[T-SQL] Getting distinct, current entries from tables with timestamp / datetime fields

It's relatively easy to store data with a time dimension, but querying it is another matter. If you select from a temporal tables (one which includes historical information indicated by a timestamp or datetime column) based on your ID, you'll get a lot of duplicate records; only one or a few of those records will be applicable to a given time or timespan.

For example, the following query (from the AdventureWorks sample database) returns 746 records:

 

SELECT ActualCost FROM Production.TransactionHistory WHERE ProductID = 784

 

A table with History in the name is expected to work that way, but I've run into plenty of tables which allow for duplicates of every column but the primary key, differentiated by a datetime column. I'm starting to use these more now, partly due to project requirements, and partly because SubSonic has built-in support for CreatedOn and ModifiedOn columns.

In the past, I've used stacked views or nested subqueries to handle this madness. It's a pain in the neck, and often leads to frustrations with the GROUP BY clause since queries with an aggregate term can't include a column in a resultset that's not in the GROUP BY clause (but adding those columns to the GROUP BY clause isn't the right solution, as it alters the rows you're returning).

The general idea is to write a query which gets the latest update date for a unique ID combination, then join against it.
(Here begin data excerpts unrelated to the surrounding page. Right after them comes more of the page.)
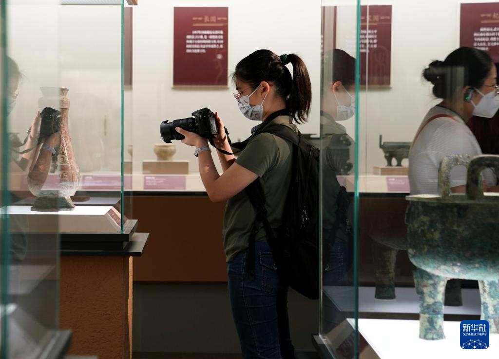 8月15日,華東師范大學(xué)學(xué)生、來自泰國的梅子妍在觀看展覽。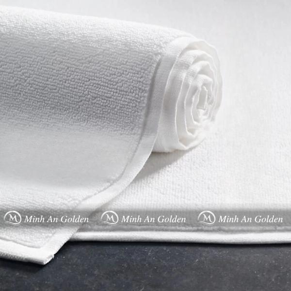 - Độ dày (GSM): Thảm lau chân trắng Cotton chất lượng cao thường có trọng lượng sợi lớn để tăng độ êm ái, khả năng thấm hút và sự sang trọng.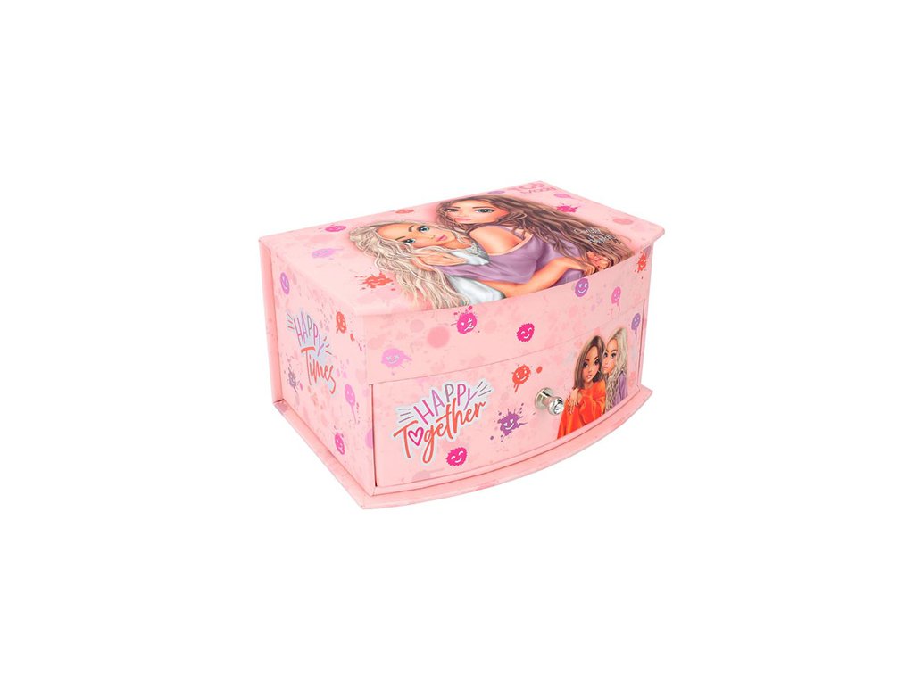 Růžová šperkovnice Top Model MY BFF s kódovým zámkem a melodií BEST FRIENDS. Praktické přihrádky, dva šuplíčky a prostor na šperky i tajemství. Motiv modelek Candy & Nyela.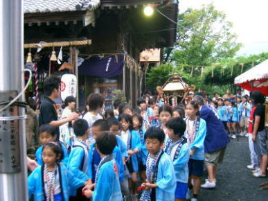 7/8(土)、子どもたちは篠栗町のお祭りに参加。 みこしをかついで町内を練り歩きます。 |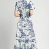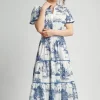 Full Size Landscape Print Short Sleeve Tiered Maxi Dress Plus Size – Blue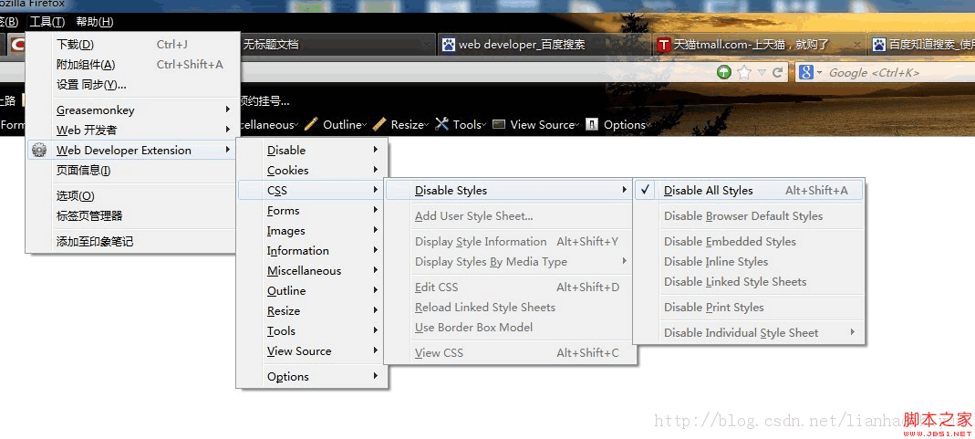操作步骤:选择工具-Web Developer Extension-CSS-Disable Styles-Disable All Stayles.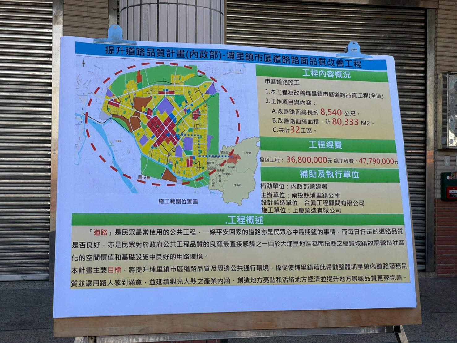 埔里鎮前瞻基礎建設計畫-提升道路品質計畫1.0第六階案,該工程係由公所109年提案經縣府至內政部營建署,大埔里地區為南投縣之優質城鎮,需營造社區優化的空間價值和基礎設施中良好的用路環境,鎮公所透過一系列之提升道路品質計畫,要將埔里鎮市區道路品質及周邊公共通行環境改善,除108年已執行完成提升道路品質計畫1.0第五階計畫,有效改善市區中山路二段(公所前)及中山路三段(酒廠前)主要道路,促使提升整體鎮內道路服務品質並讓用路人感到滿意,再主動積極接續提報計畫,透過蔡執行長協調中央政府爭取本案之工程,總核定經費為4,779萬元(公所負擔配合款860萬元),本案工程計畫施工範圍於市區包括南安路、育溪路、南興街……及和平東路等共計32條老舊道路,總長約 8.54 公里,總面積約 80,333 平方公尺,工程於110年8月9日開工,截至110年9月22日止,工程進度已達52%,已完成26條道路刨鋪,預計今年11月初完工。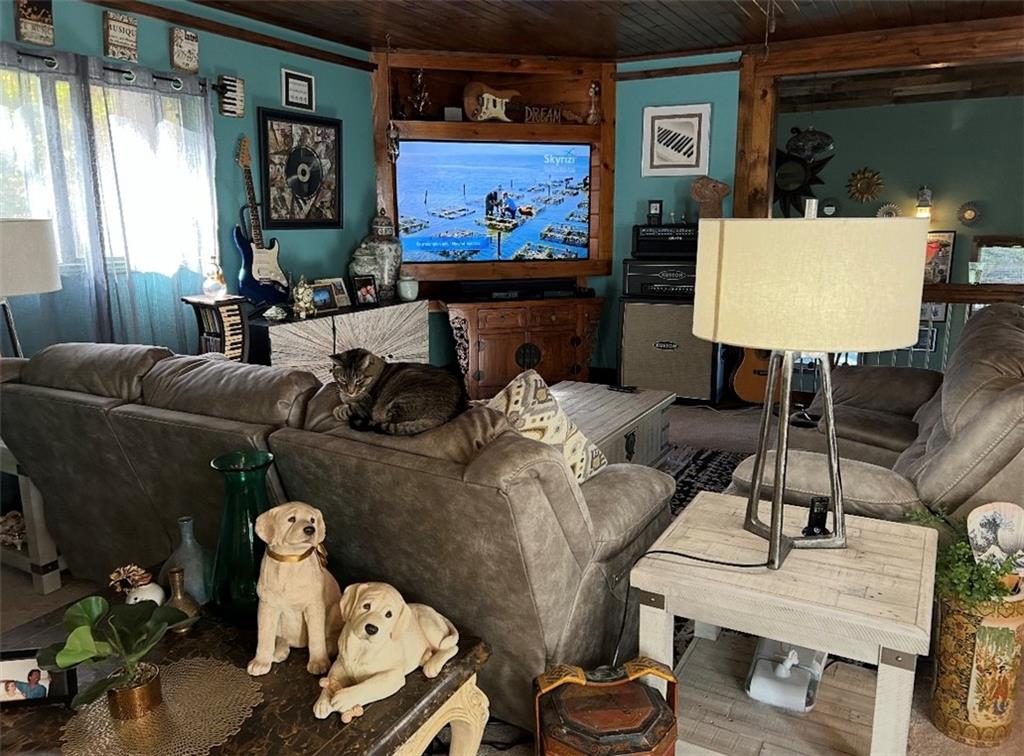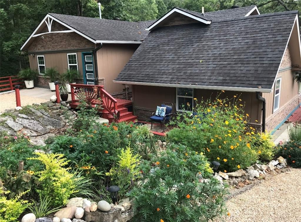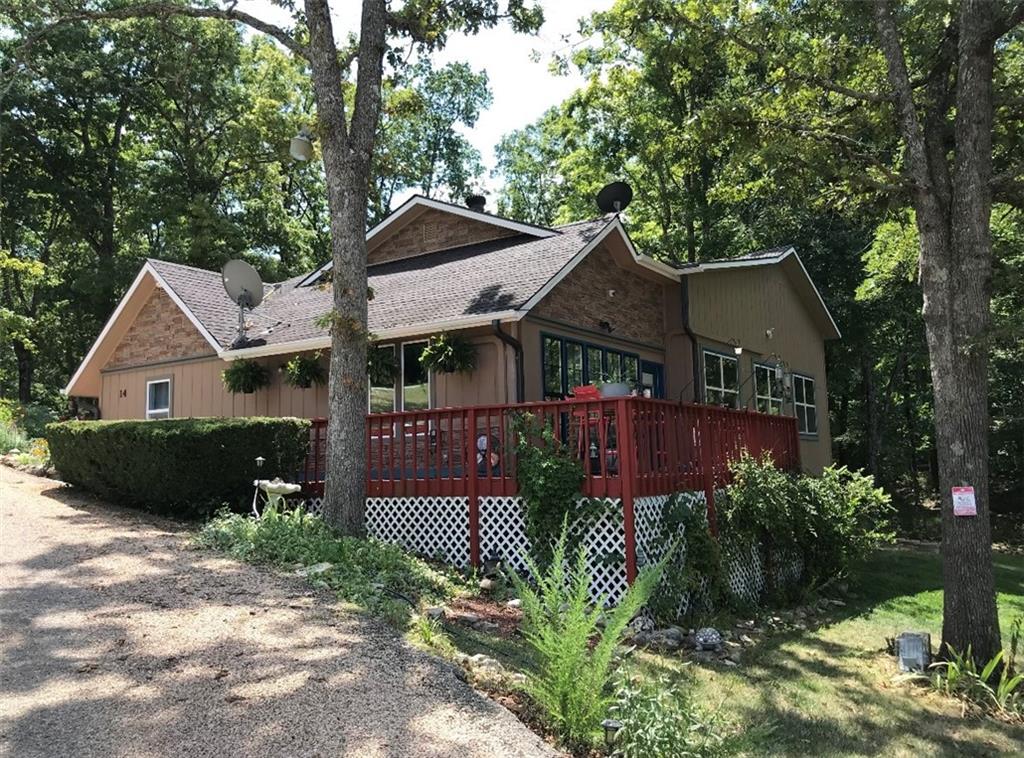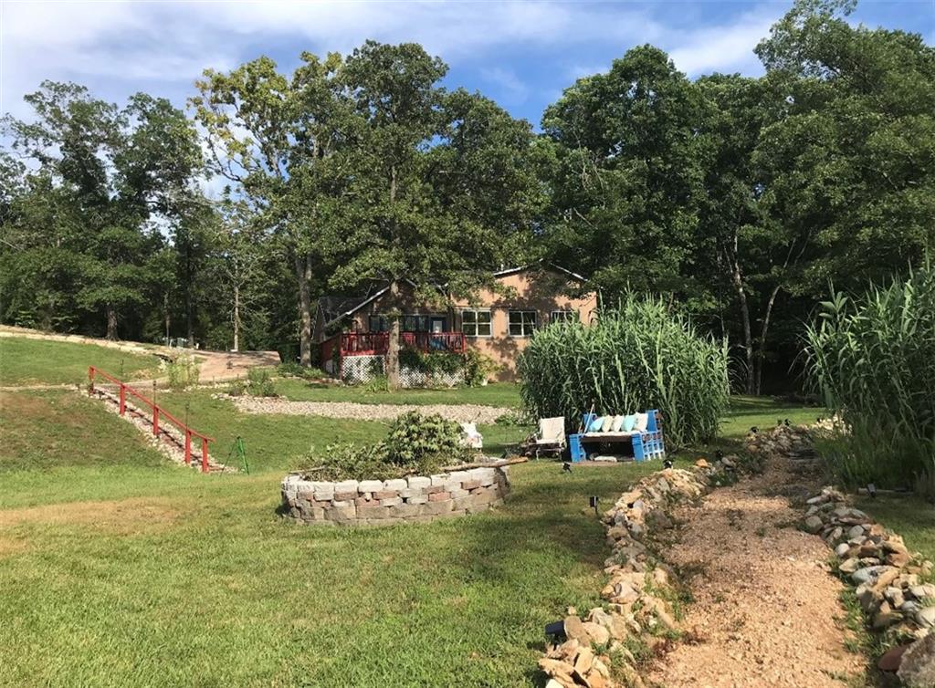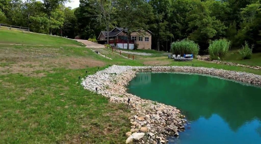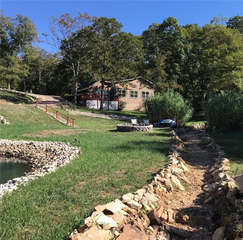 Consider escaping the noise and live with intention! Nestled in Irish Hills Estates you will find a beautifully, well designed, landscaped 2-bedroom, 2 bath home which offers a rare combination of privacy, and everyday comfort in a truly serene Ozarks setting. Surrounded by Mark Twain National Forest, it flows naturally towards a large aqua colored stocked pond, creating a peaceful backdrop for morning coffee, quiet reflection, or watching the seasons change. A large 10 ft. fire pit and benches anchor the outdoor space and invites memorable evenings perfect for gatherings, roasting marshmallows, or simply enjoying the star-filled sky from the porch above. The home has been remodeled with new spaces designed to enhance both function and quality of life. An elevated floor provides a large living-lounging area, sporting a custom bar with large screen TV viewing opportunity. All with open to below views of the interior home with eye-popping vistas of the 30 ft. canes, straddling the rock lined stream with seating around the firepit and the pond beyond. Some new comfort features also include Rain soft EC 4, carbon water filter, HVAC, NORWECO sewer treatment system, hot water tank and all new carpet allow you to move in and enjoy without the stress of immediate projects. New waterlines from city connection to the home were added. This unique layout offers comfortable, easy living, making it ideal for full-time living, a weekend retreat or entertaining with east. Just a short drive to Table Rock Lake, where boating, fishing and lake days are always withing reach. You get the freedom of comfortable living without sacrificing access to one of the Ozark's most beloved destinations. Located in the Reeds Spring School District and just a short drive to Kimberling City, Silver Dollar City, all the shopping, entertainment and dining that Branson offers. Truly a RARE find!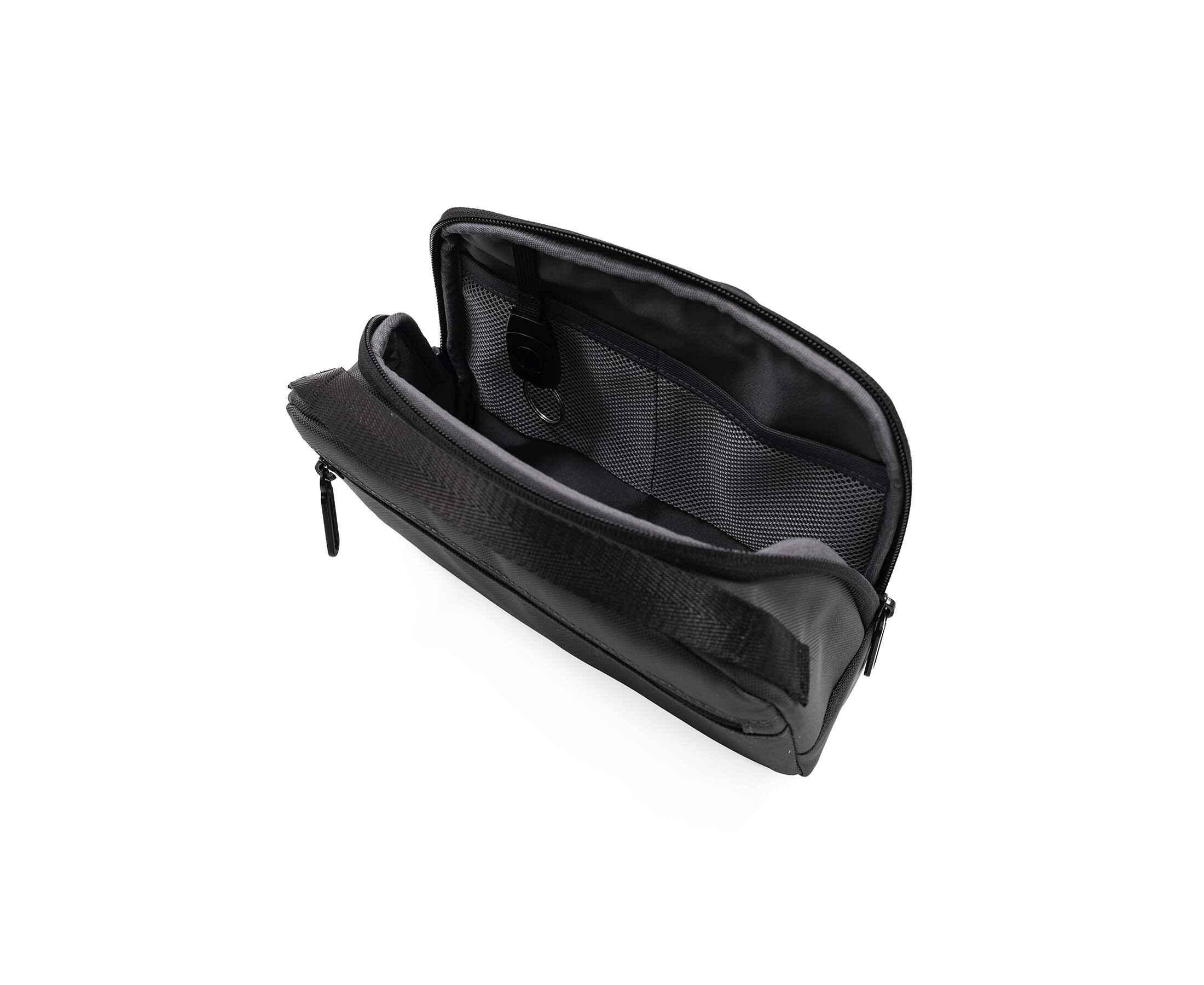 Экологичная сумка из баллистического полиэстера 800D с элементами из веганской кожи. Изготовлена из 1,7 переработанных ♻PET- бутылок (по 500 мл), сертифицирована по стандарту RCS (Recycled Claim Standard). Компактная и удобная, внутри 5 карманов и 4 эластичные петли для хранения телефона, кошелька и других мелочей, есть съемный держатель для ключей. Основное отделение на молнии и две боковые петли для крепления аксессуаров или карабина. Материал устойчив к влаге и загрязнениям. Объем 2,2 л.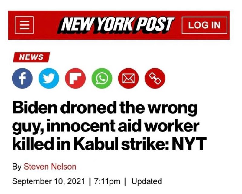 They did this strike quickly, in order to show they are tough. Instead, they killed a USAID worker and many children. This is what happens when you have grossly incompetent people at the helm. The Afghanistan tragedy will further mark what should have been an honorable and dignified September 11th. The Administration’s surrender will go down in infamy.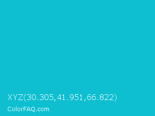 XYZ 30.305,41.951,66.822 Color is a normal cyan color and the nearest color is Turquoise Surf #00c5cd. Hex code #0dbfd1 and RGB value is rgb(13,191,209). In RGB color space, this color is composed of 5% red, 75% green, 82% blue, In CMYK color space, this color is composed of 94% cyan, 9% magenta, 0% yellow , 18% black , In HSL color space, this color has a hue angle of 186° , 88% saturation and 44% lightness.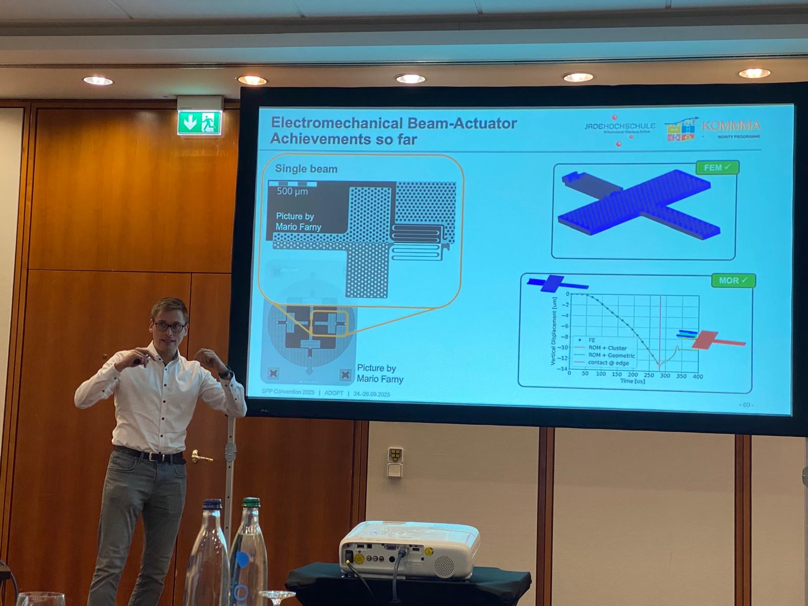 Im Rahmen des DFG-Schwerpunktprogrammes "KOMMMA" haben sich Wissenschaftler in der Goethe-Stadt Weimar getroffen. Dabei kamen Wissenschaftler von 18 Institutionen aus ganz Deutschland für zusammen. Neben Institutionen wie dem KIT und der TU Dresden war auch die Jade Hochschule vertreten. Ziel des Treffens war neben der Präsentation der aktuellen Ergebnisse auch der intensive Austausch innerhalb der Mikroaktrorik-Community. Vielfätige Mikrosysteme wurden diskutiert, von "Stimuli Responsive Polymers" über "Dielectric Elastomer Membranes" bis hin zu Mikro-Origami. Arwed Schütz und Prof. Dr.-Ing. Bechtold stellten im Rahmen ihres Projektes "ADOPT" neue multiphsyikalische Simulationen sowie fortschrittliche Techniken zur nichtlinearen Modellordnungsreduktion vor. Gastvorträge von Prof. Dr. Andreas Richter (TU Dresden) und Jun.-Prof. Dr. Edoardo Milana (Albert-Ludwigs-Universität Freiburg) erweiterten den fachlichen Horizont. Eine Stadtführung in Weimar und ein Besuch im Goethe Nationalmuseum rundeten die Zusammenkunft ab.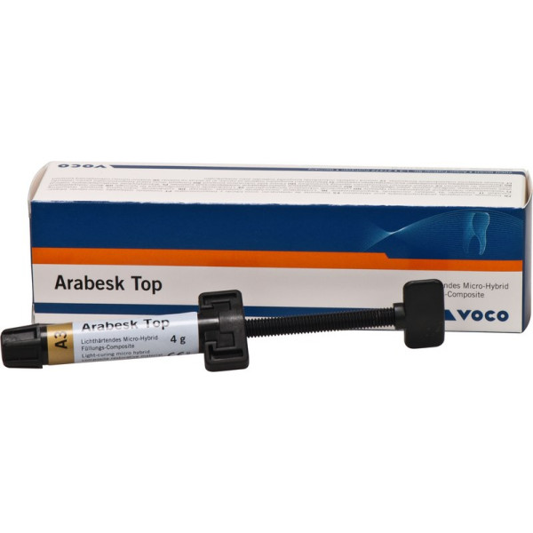Lichthärtendes Glaskeramik-Mikrohybrid Composite für Füllungen aller Klassen und für Inlays. Arabesk Top basiert auf einer neuentwickelten und speziell modifizierten Dual-Glaskeramik-Füllerstruktur und einer neuartigen Harzmatrix. Ein deutlicher Pluspunkt des Composites ist die verbesserte Anwendungsfreundlichkeit, durch die festere Konsistenz und maximal reduzierte Klebrigkeit. Die Dual-Füllerstruktur ermöglicht es, außerordentlich glatte, glänzende Oberflächen zu polieren. Zusammen mit dem Chamäleon-Effekt, d.h. die Füllung verschmilzt optisch mit der Zahnfarbe, lassen sich ausgezeichnete, natürlich aussehende Restaurationen erarbeiten. Zusätzlich konnten die wichtigsten chemisch-physikalischen Eigenschaften wie Abrasionsresistenz, Biegefestigkeit und Farbstabilität erheblich verbessert werden. Spritze 4 g A3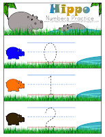 Hippo Number Practice: I laminate then hole punch the upper left corner, and bind with a keyring. Then we use dry-erase to practice writing our numbers.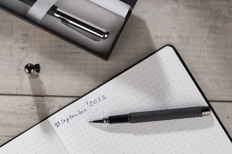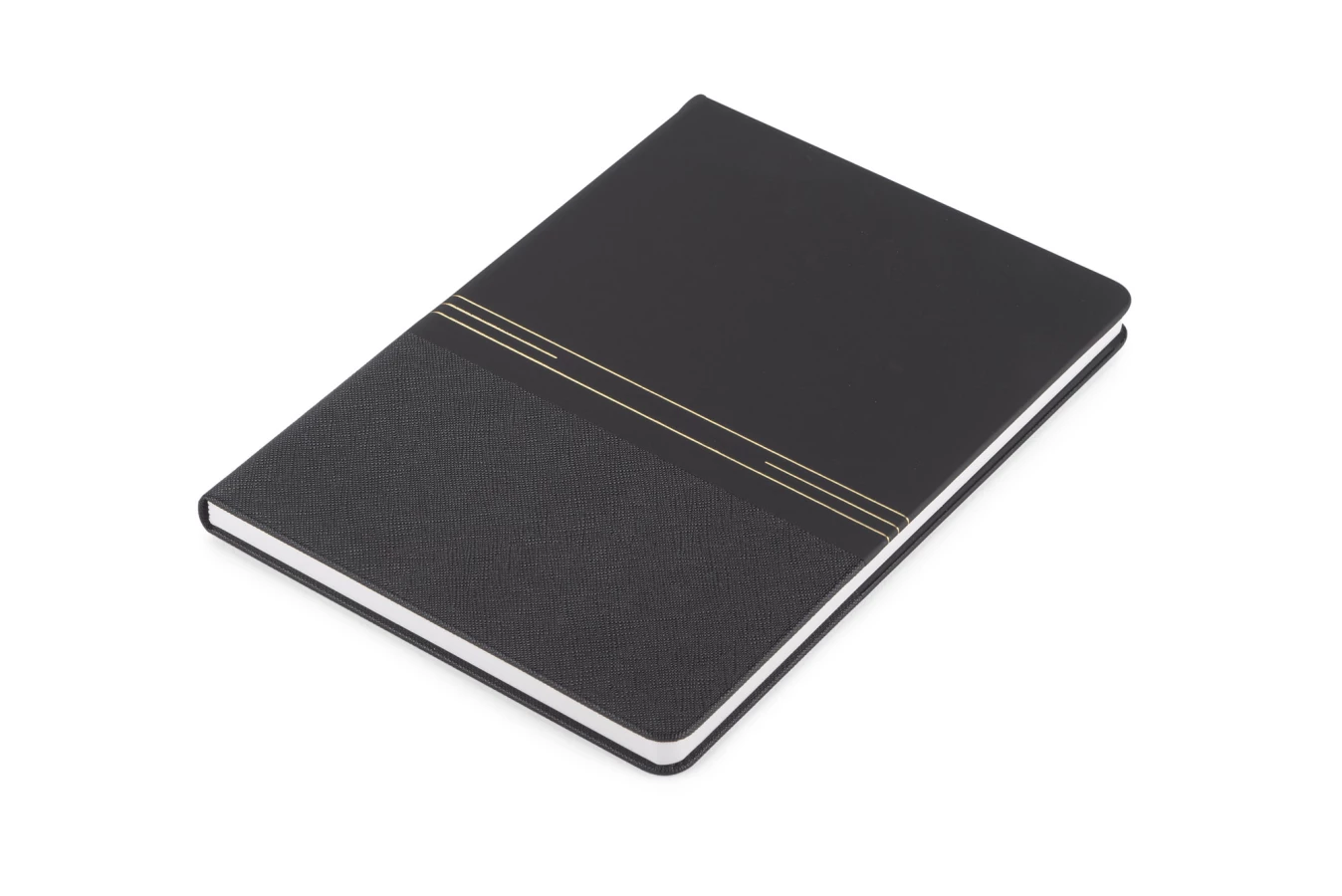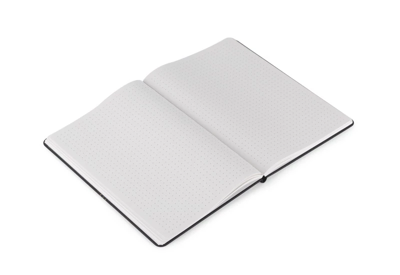 Elegancki notes w twardej okładce z ozdobnym złoceniem. Kartki w notesie wyprodukowane zostały z papieru kamiennego. Taki papier jest wyjątkowo odporny na rozdarcia oraz na wilgoć. Posiada 80 kartek w kropki. Format A5.

It works, but it's a pain in the neck, and it's error prone. Fortunately, SQL Server 2005's RANK / PARTITION features make this a lot easier.

Let's talk specifics - a query against the AdventureWorks Production.TransactionHistory table which returns the latest record Product Name and Number by Transaction Date. There are 113K rows in that table, but if we only want the latest entry for each Product we're down to 490 rows.

Unlike the traditional GROUP BY based clause, the RANK / POSITION based queries are a bit more intuitive once you've got the hang of them. The important thing is to use PARTITION in the same way you'd think of a GROUP BY - the column(s) you want unique should show up in the PARTITION clause.

One limitation on RANK queries is that you can't use the RANK value directly in a where clause. That's easy to work around by placing the RANK value in a subquery and the WHERE clause filtering on the RANK in the outer query.

UPDATE: Based on comments, my original example was a little too simple. I've added a few joins and return columns; the point is that we can continue to add other columns to the result set without having to worry about how the grouping is handled. Yes, you can do this with subqueries, but in many cases those will continue to grow more complicated as you add tables and columns; this syntax doesn't.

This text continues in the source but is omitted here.